Sunday, March 6, 2011

Why is ++i considered an l-value, but i++ is not?

Why is ++i is l-value? and i++ not

Initially there were 2 questions one was removed since that was exact duplicate. So don't down vote the answers that were answering difference between pre- and post-increment.

From stackoverflow
    • i++ - increment i and return its previous value.
    • ++i - increment i and return its current value.
  • i++ increments i and returns its original value. In other words, post-increment returns the variable and then increments the variable. ++i increments i and returns its new value. Or it increments the variable and then returns the value.

    In general, in C++, you should use pre-increment, unless you need the original value. It's more efficient, because it doesn't involve making a copy of the original value.

    jjnguy : This is no longer answering his question.
    Dan : Its not more efficient. This is a pretty straightforward optimisation for compilers to make. In fact, tiling algorithms (see http://en.wikipedia.org/wiki/Instruction_selection and maximal munch, which I've implemented in JavaCC for uni once) should catch this optimisation easily, in most cases.
    Bill the Lizard : The optimization can only really be done when the increment is in a statement by itself (or so I understand). If it's part of a compound statement the compiler still needs to use the temp variable.
    David Thornley : For a built-in type, there's little or no efficiency difference. For a user-defined type, it can be major. It's best to get into the pre- habit.
    Dan : @Bill, I guess it depends on the expression, but in those cases its not that simple as to switch i++ to ++i anyway. I imagine when people mention this "optimization" they mean cases where you can simply switch them.
  • Regarding LValue

    • In C (and Perl for instance), neither ++i nor i++ are LValues.

    • In C++, i++ is not and LValue but ++i is.

      ++i is equivalent to i += 1, which is equivalent to i = i + 1.
      The result is that we're still dealing with the same object i.
      It can be viewed as:

      int i = 0;
      ++i = 3;  
      // is understood as
      i = i + 1;  // i now equals 1
      i = 3;
      

      i++ on the other hand could be viewed as:
      First we use the value of i, then increment the object i.

      int i = 0;
      i++ = 3;  
      // would be understood as 
      0 = 3  // Wrong!
      i = i + 1;
      

    (edit: updated after a blotched first-attempt).

    Paul Stephenson : In my compiler, it is 'i++ = 5' that doesn't make sense. '++i = 5' is OK: you increment 'i', return 'i' and then reassign it to 5.
    Martin York : @Paul: Incrementing and assignment in the same expression is undefined behavior.
    Renaud Bompuis : @Paul and Martin: I corrected my post after my blotched attempt and working on it with a clearer head thank last night :-)
  • C#:

    public void test(int n)
    {
      Console.WriteLine(n++);
      Console.WriteLine(++n);
    }
    
    /* Output:
    n
    n+2
    */
    
  • The main difference is that i++ returns the pre-increment value whereas ++i returns the post-increment value.
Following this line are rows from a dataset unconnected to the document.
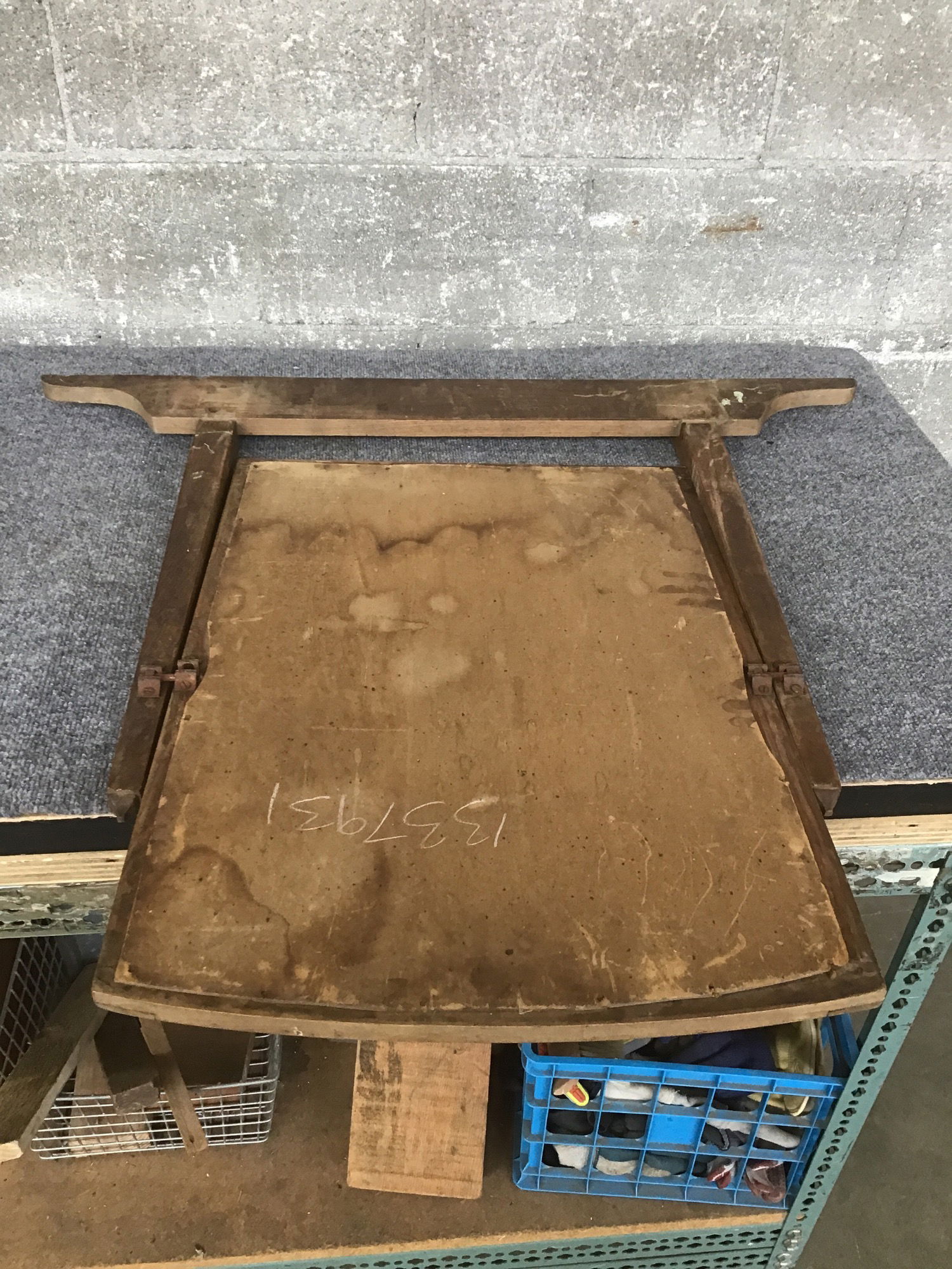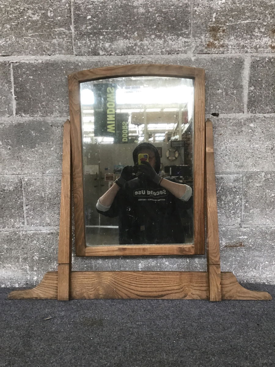 A cute li'l mirror with a slight arch to the top, framed in oak. It's held in the arm brackets of an old vanity desk, although it has since lost the desk part- just the vanity, now. It's pretty flush and easy to remove, so you could mount the bracket arms to your wall for a hanging mirror.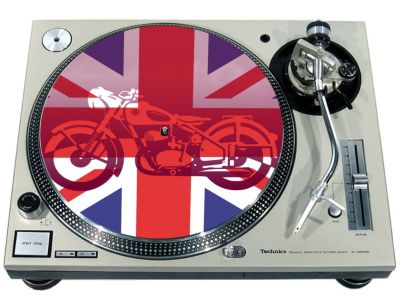 High quality felt turntable slipmat imprinted with an image of Flag Brit Bike 1. The mat is regular thickness (3/32" or 2mm) and is sized to fit any 12 inch turntable. It is anti static, has a glazed bottom to grip and avoid slippage, feels great and works well for scratching or just playing your records. The image is impregnated into the surface of the mat, so it cannot scratch off or damage the record.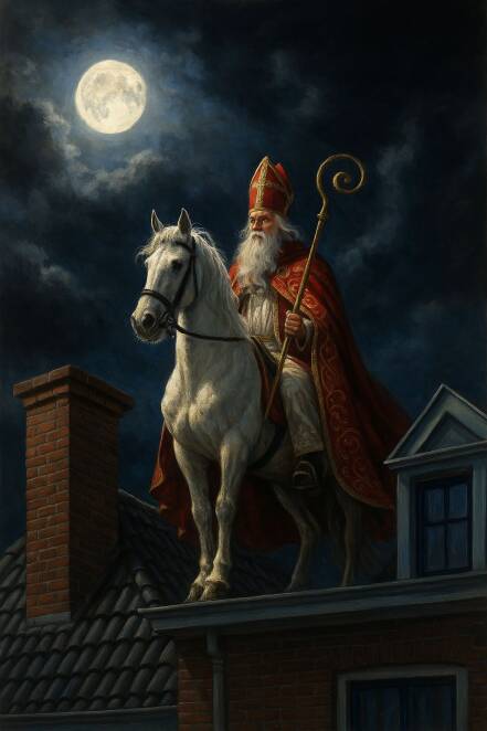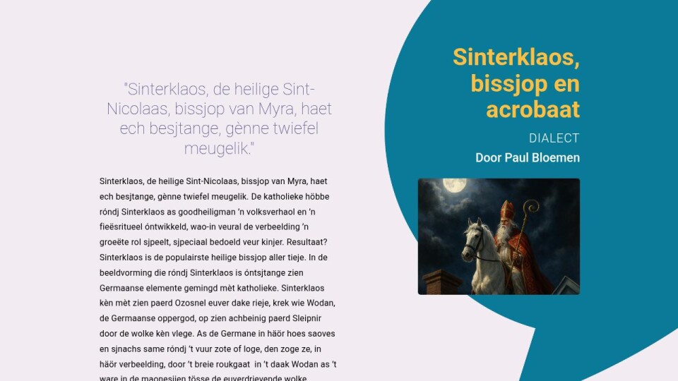 Sinterklaos, de heilige Sint-Nicolaas, bissjop van Myra, haet ech besjtange, gènne twiefel meugelik. De katholieke höbbe róndj Sinterklaos as goodheiligman ’n volksverhaol en ’n fieësritueel óntwikkeld, wao-in veural de verbeelding ’n groeëte rol sjpeelt, sjpeciaal bedoeld veur kinjer. Resultaat? Sinterklaos is de populairste heilige bissjop aller tieje. In de beeldvorming die róndj Sinterklaos is óntsjtange zien Germaanse elemente gemingd mèt katholieke. Sinterklaos kèn mèt zien paerd Ozosnel euver dake rieje, krek wie Wodan, de Germaanse oppergod, op zien achbeinig paerd Sleipnir door de wolke kèn vlege. As de Germane in häör hoes saoves en sjnachs same róndj ’t vuur zote of loge, den zoge ze, in häör verbeelding, door ’t breie roukgaat in ’t daak Wodan as ’t ware in de maonesjien tösse de euverdrievende wolke veurbierieje. Det roukgaat waerde ’n sjouw wao Pieterbaas en zien vrunj doorhaerkroepe óm de cadeaus van Sinterklaos te bezorge. Jaor nao jaor, al generaties lang riejt Sinterklaos op zien paerd, trippel trappel, trippel trap... van daak nao daak! Pieterbaas d’rachteraan, balancerend op de nokpanne mèt ‘ne zak vol cadeaus, sjouw in en sjouw oet! Acrobatiek van formaat? Of se det noe gluifs of neet, idderein is toch blie en tevreje as Sinterklaos weer good haet gereje.

I normally use ++i unless I have a very compelling reason to use i++ - namely, if I really do need the pre-increment value.

    IMHO it is good practise to use the '++i' form. While the difference between pre- and post-increment is not really measurable when you compare integers or other PODs, the additional object copy you have to make and return when using 'i++' can represent a significant performance impact if the object is either quite expensive to copy, or incremented frequently.

  • An example:

    var i = 1;
    var j = i++;
    
    // i = 2, j = 1
    

    and

    var i = 1;
    var j = ++i;
    
    // i = 2, j = 2
    
  • POD Pre increment:

    The pre-increment should act as if the object was incremented before the expression and be usable in this expression as if that happened. Thus the C++ standards comitee decided it can also be used as an l-value.

    POD Post increment:

    The post-increment should increment the POD object and return a copy for use in the expression (See n2521 Section 5.2.6). As a copy is not actually a variable making it an l-value does not make any sense.

    Objects:

    Pre and Post increment on objects is just syntactic sugar of the language provides a means to call methods on the object. Thus technically Objects are not restricted by the standard behavior of the language but only by the restrictions imposed by method calls.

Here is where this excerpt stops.